Future timing technology vacuum technology is crucial for optical atomic clocks.

Vacuum chambers containing free floating atoms are at the heart of today's most sophisticated time measurement instruments. The laser pulse function is used as the time measurement generator for the latest generation of atomic clocks. Their precision is extremely high.

What is time? Neither physicists nor philosophers can answer this question. But this does not prevent people from dividing time into small pieces and measuring it as accurately as possible. Timekeeping tools such as ancient sundial or medieval mechanical clocks are an important development stage of the time measurement method we have used. In the 17th century, mathematician and physicist Christian Huygens achieved an important technical achievement. The pendulum clock he invented for the first time accurately divided the time into hours, minutes and seconds. Since then, more and more accurate timing tools have been developed. Today, the cesium atomic clock serves as the reference for official world standard time, with an error of only 1 second every 30 million years.

Cesium Atomic clock records world time

These modern timepieces do not have pendulums or hands, but use the cesium atom to "record" the passage of time. These helium atoms are heated to vaporization and then placed in a high vacuum tube. The low pressure ensures that the atoms do not collide with each other and pass through the vacuum chamber with high energy. These atoms are then subjected to microwave radiation. The right frequency (called the resonant frequency by physicists) changes the energy state of some atoms. They are "fired" and counted by the detector.

Now adjust the microwave frequency so that the maximum number of helium atomic energy states change accordingly. This number is stable at 9,192,631,770 Hz (that is, more than 9 billion oscillations per second). Conversely, when this number is reached, one second has elapsed. This is the basis for defining the length of one second in the SI International System of Units.

Accuracy is even higher than laser

In addition to the cesium radiation clock, the cesium fountain clock is also used as a reference clock for today's world time. In this type of clock, helium atoms are introduced into the vacuum chamber like a fountain and then radiated by the microwave. Since the resonance frequency of the atom can be determined more accurately using this technique, the error of the fountain clock is only 1 second every 40 million years.

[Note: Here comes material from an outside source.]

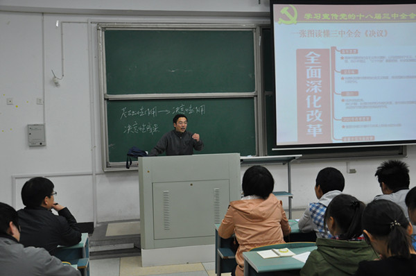 董淑平分析了在我国改革开放事业进入关键时刻召开的十八届三中全会的重大意义,带领同学们重点解读了十八届三中全会通过的《中共中央关于全面深化改革若干重大问题的决定》的主要精神。他用图表的形式向大家展示了十八届三中全会《决定》确定的全面深化改革的指导思想、总目标、重点、2020年改革愿景,逐项分析了15项改革部署;在此基础上,他重点对“使市场在资源配置中起决定作用”等8个要点和19项具体措施进行解读。

The optical atomic clock using helium or neon atoms is more precise. In this type of clock, atoms are excited by ultra-high vacuum using a laser instead of a laser. When an atom changes its energy state, the frequency of the light can be referenced as a length of one second. The higher the frequency, the faster the electronic transition frequency, and the time can be divided into smaller intervals. The optical atomic clock "tick" is much faster than the cesium atomic clock, so the measured time interval is also more accurate. They may become the new timing tool for world time, so it is necessary to redefine the well-known time unit: one second. Regardless of this process, all types of atomic clocks require a vacuum chamber for the reference atom.